Member of the Idaho Senate from the 23rd district
- In office December 1, 2020 – November 30, 2022
- Preceded by: Bert Brackett
- Succeeded by: Todd Lakey (redistricting)

Member of the Idaho House of Representatives from the 23rd district
- In office December 1, 2016 – November 30, 2020
- Preceded by: Rich Wills
- Succeeded by: Matthew Bundy

Personal details
- Born: Utah, U.S.
- Party: Republican
- Children: 5
- Education: Bridgerland Technical College (AS)

= Christy Zito =

American politician from Idaho

Christy Zito is an American politician serving as a Republican member of the Idaho Senate from the 8th district, and formerly serving as a member from the 23rd district. She was previously a member of the Idaho House of Representatives from 2016 to 2020.

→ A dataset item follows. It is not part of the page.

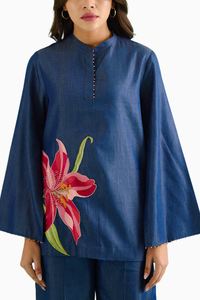 A captivating blend of casual charm and intricate detailing. Crafted from premium light weight denim fabric, this shirt features delicate lily embroidery, adding a touch of elegance and femininity. The cape design lends an effortless yet sophisticated flair, perfect for adding a statement to your ensemble. Pair it with jeans for a stylish denim-on-denim look or with trousers for a chic contrast.

==Early life and education==
Zito was born and raised in Utah. She received an Associate of Science degree in farm and ranch management from Bridgerland Technical College.

==Career==
Zito was first elected to the Idaho House of Representatives in 2016. After having served for two terms, she filed for election to succeed Bert Brackett in the Idaho Senate. She is a self-described gun-rights activist and has sponsored several bills concerning the Second Amendment to the United States Constitution.

In 2019, Zito also sponsored House Bill 206 which allowed Idaho residents, ages 18–20, to concealed carry without a permit. The bill passed both chambers with supermajority support was signed by Idaho Governor Brad Little on April 2, 2019.

In 2022 Zito chose to not run for re-election and help run the Idaho Second Amendment Alliance, a Doer Brother affiliate website.